TextZoom
TextZoom copied to clipboard
Cannot load trained checkpoints
Pytorch 1.3 used for training (Ok) and for inference. I had a problem with Dataparallel, which I solved by copying multi-gpu model load code in into 1 gpu case:
if self.config.TRAIN.ngpu == 1:
#model.load_state_dict(torch.load(self.resume)['state_dict_G'])
model.load_state_dict(
{'module.' + k: v for k, v in torch.load(self.resume)['state_dict_G'].items()})

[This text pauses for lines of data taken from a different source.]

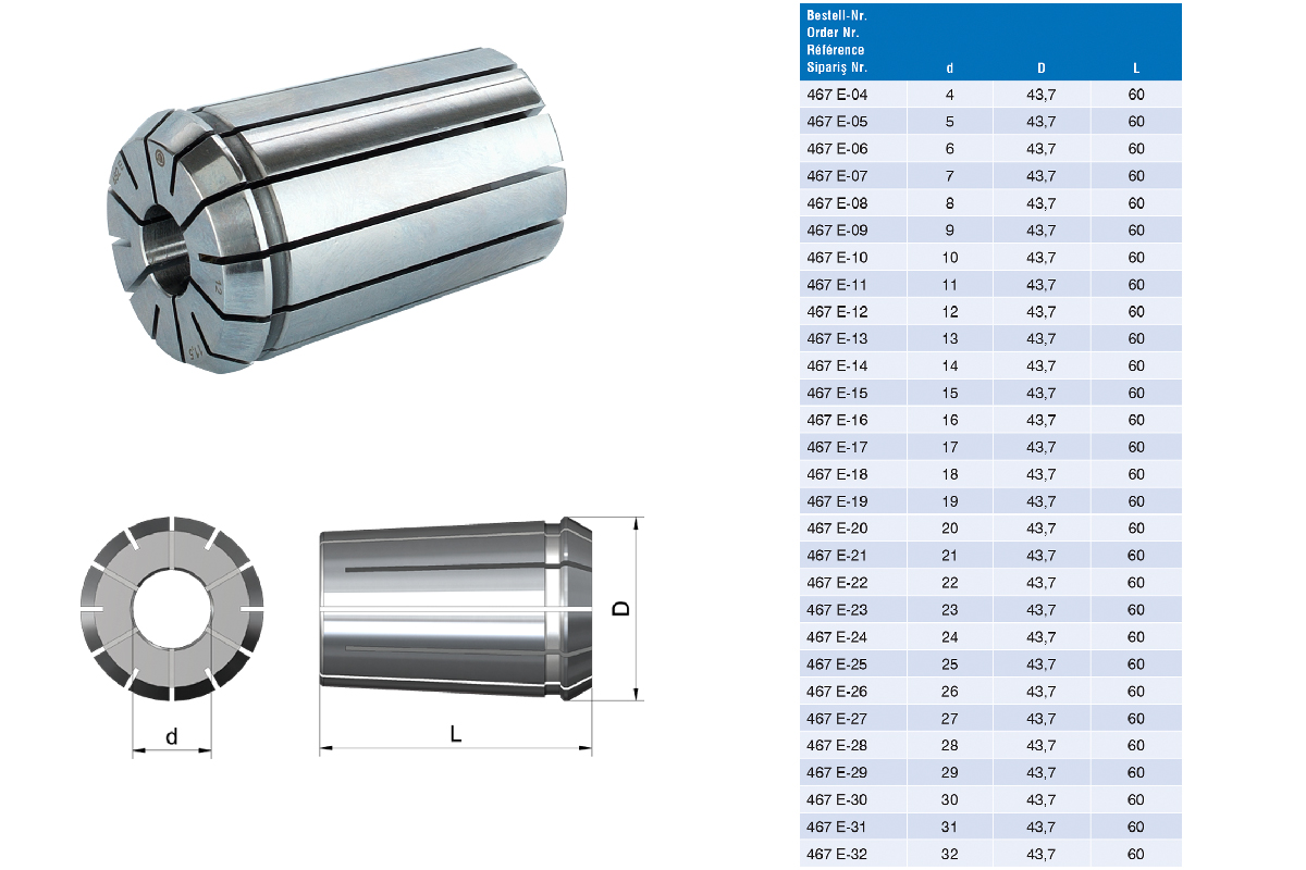 Характеристики товара: Цанга прецизионная типа OZ32 467 d32-31,5мм по DIN6388 к цанговому патрону EROGLU
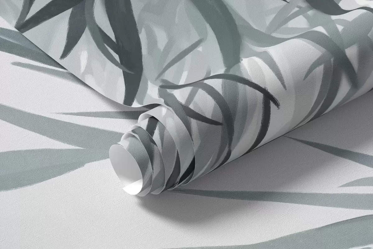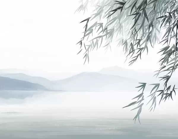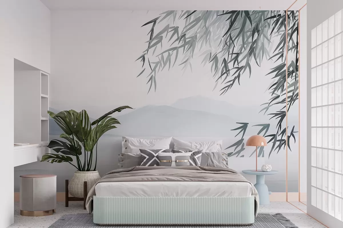 Fototapeedid Bambuslehed rippuvad järve kohal, taustaks mäed, pehmed sinised ja valged toonid, tindipesu stiilis Nr w09048
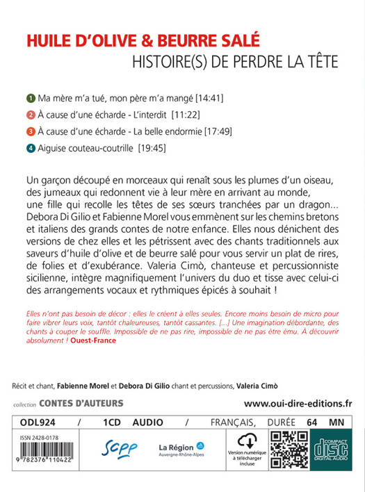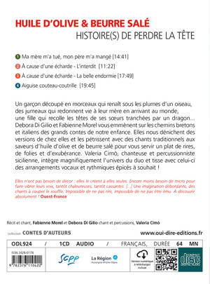 Dans l'univers du conte, quelques arbres cachent la forêt : le succès de Perrault, Grimm et Walt Disney a fait oublier la grande richesse et la variété des motifs traditionnels. Fabienne Morel et Debora Di Gilio vous emmènent sur les chemins bretons et italiens des grands contes de notre enfance. Elles vous dénichent des versions de chez elles et les pétrissent avec des chants traditionnels aux saveurs d'huile d'olive et de beurre salé pour vous servir un plat de rires, de folies et d'exubérances.
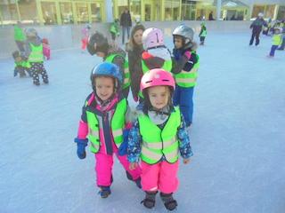 Eislaufen mit unseren Freunden macht uns großen Spaß!
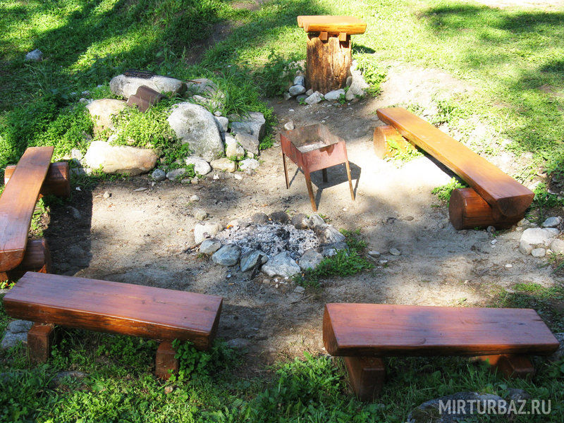 На территории расположено несколько оборудованных зон для комфортного отдыха с мангалами, столами и лавочками.
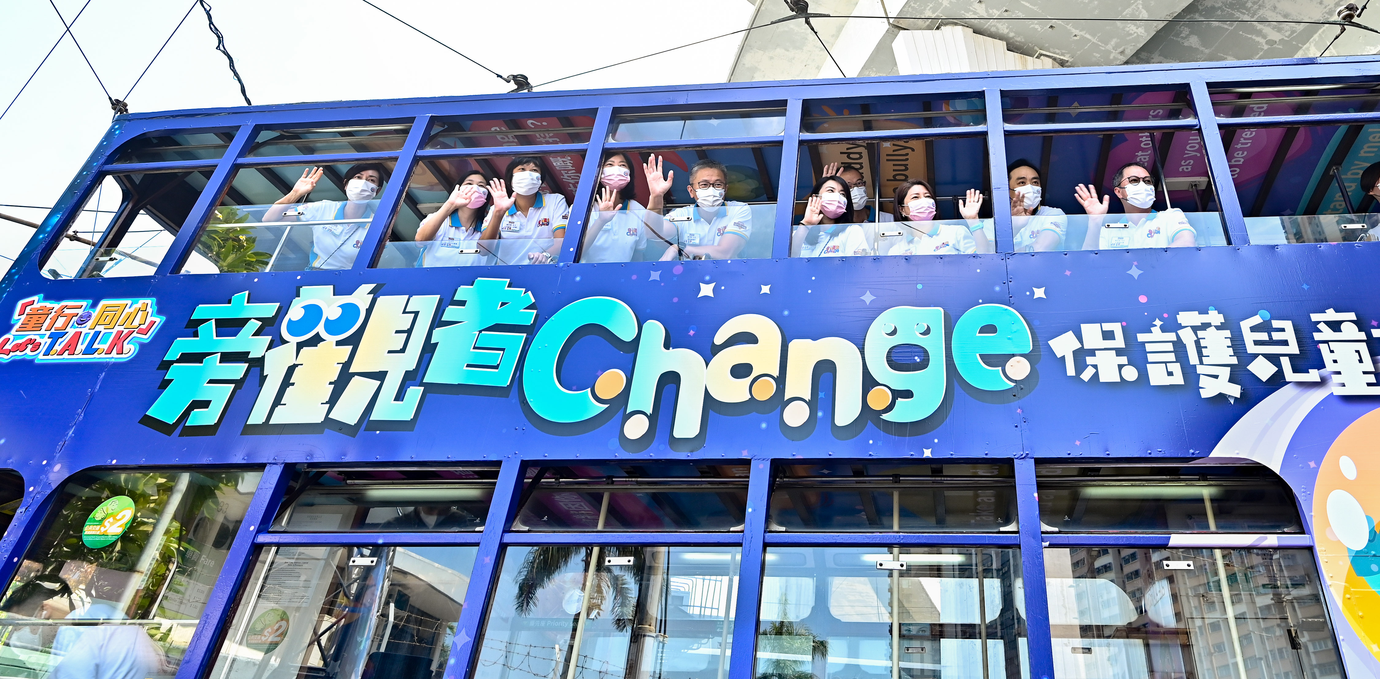 警務處今日(10月14日)於屈地街電車總廠舉行「童行‧同心」保護兒童計劃2022開幕禮。去年,警方首次舉辦「童行.同心」保護兒童計劃,今年以「旁觀者Change」為主題,呼籲社會各界及早介入虐待兒童事件。
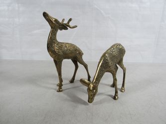 Vintage Buck & Doe Spotted Deer Solid Brass MCM Statues Figurines
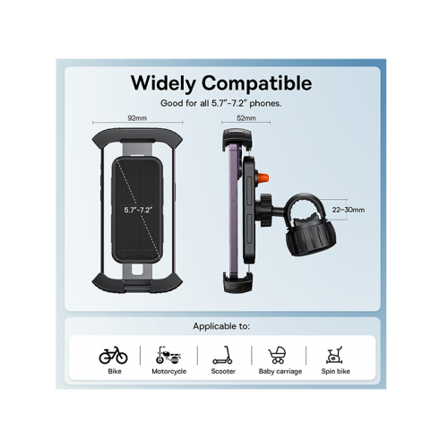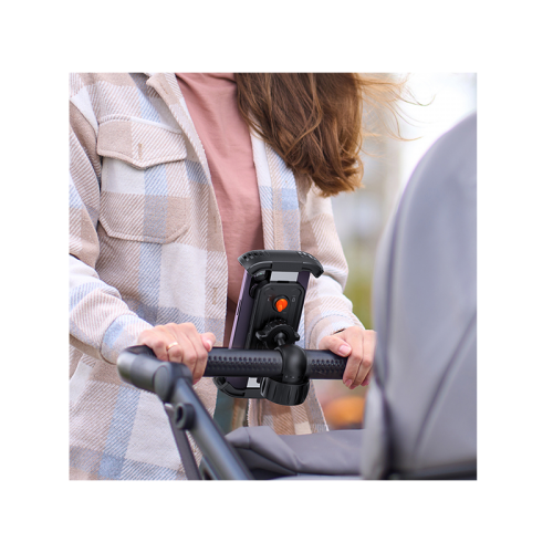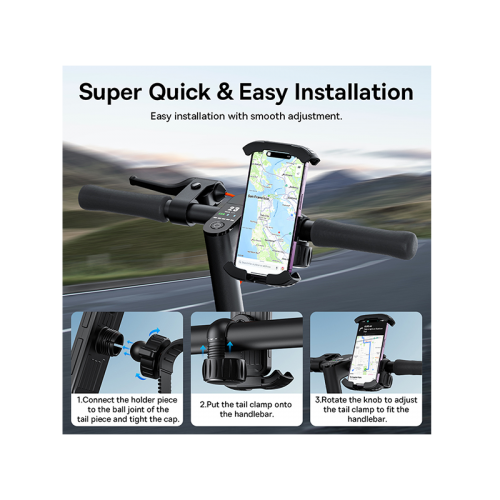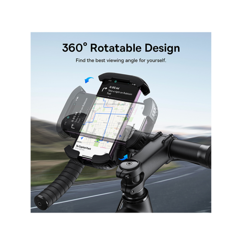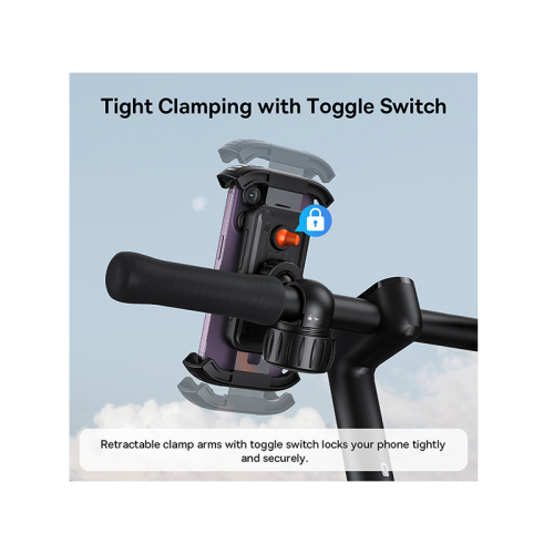 The Baseus Quick Go Series Bike Phone Mount - Cluster Black offers 360-degree rotation, retractable arms for secure phone holding, toggle switch for stability, and compatibility with various vehicles like bikes, scooters, and motorcycles.
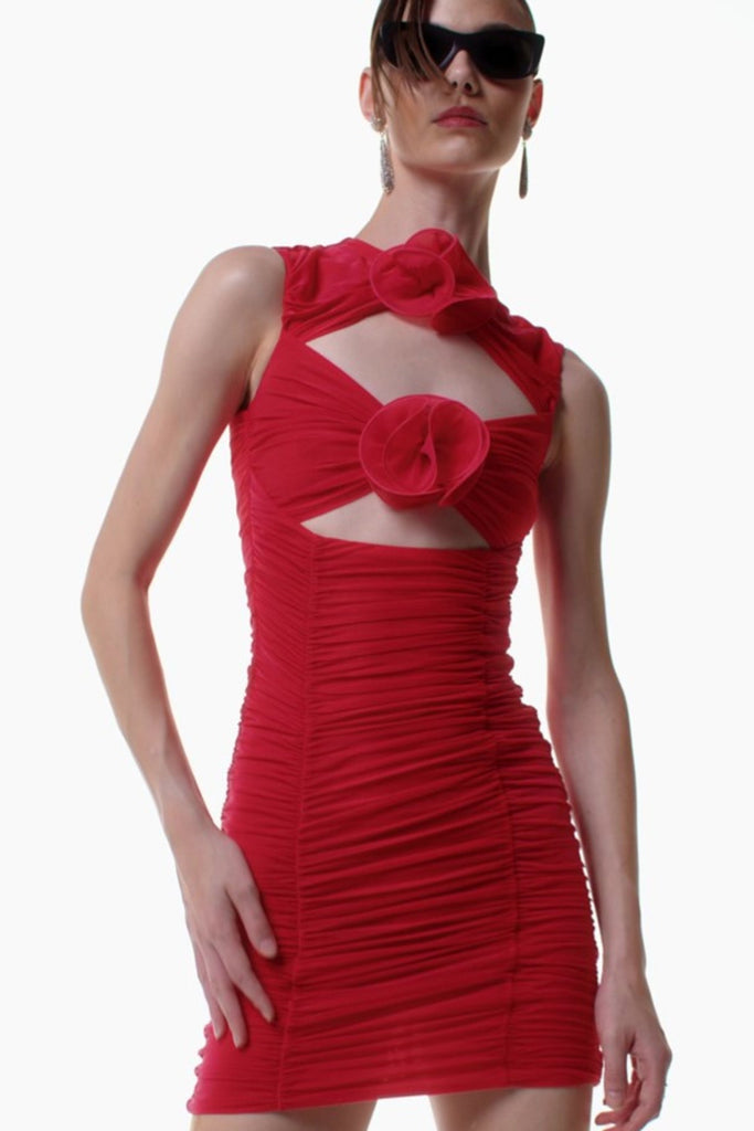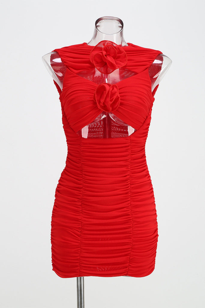 Step out in style with our Cutout Floral Mini Dresses in red. These elegant dresses feature intricate floral cutouts, adding a touch of femininity to your look. Made with high-quality fabric, they provide a comfortable fit while making a bold fashion statement. Perfect for any occasion, these dresses are a must-have for your wardrobe.
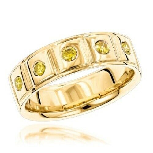 1Ct Round Yellow Sapphire Men Wedding Band Engagement Ring 14K Yellow Gold Over

However, now when I try to inference on RGB images I have:
python3 main.py --demo --demo_dir='./images/' --resume='ckpt/vis/checkpoint.pth' --STN --mask
Mission.demo()
File "/home/ml/codes/TextZoom/src/interfaces/super_resolution.py", line 299, in demo
images_sr = model(images_lr)
File "/home/ml/anaconda3/envs/tf15_env/lib/python3.7/site-packages/torch/nn/modules/module.py", line 541, in __call__
result = self.forward(*input, **kwargs)
File "/home/ml/anaconda3/envs/tf15_env/lib/python3.7/site-packages/torch/nn/parallel/data_parallel.py", line 150, in forward
return self.module(*inputs[0], **kwargs[0])
File "/home/ml/anaconda3/envs/tf15_env/lib/python3.7/site-packages/torch/nn/modules/module.py", line 541, in __call__
result = self.forward(*input, **kwargs)
File "/home/ml/codes/TextZoom/src/model/tsrn.py", line 66, in forward
block = {'1': self.block1(x)}
File "/home/ml/anaconda3/envs/tf15_env/lib/python3.7/site-packages/torch/nn/modules/module.py", line 541, in __call__
result = self.forward(*input, **kwargs)
File "/home/ml/anaconda3/envs/tf15_env/lib/python3.7/site-packages/torch/nn/modules/container.py", line 92, in forward
input = module(input)
File "/home/ml/anaconda3/envs/tf15_env/lib/python3.7/site-packages/torch/nn/modules/module.py", line 541, in __call__
result = self.forward(*input, **kwargs)
File "/home/ml/anaconda3/envs/tf15_env/lib/python3.7/site-packages/torch/nn/modules/conv.py", line 345, in forward
return self.conv2d_forward(input, self.weight)
File "/home/ml/anaconda3/envs/tf15_env/lib/python3.7/site-packages/torch/nn/modules/conv.py", line 342, in conv2d_forward
self.padding, self.dilation, self.groups)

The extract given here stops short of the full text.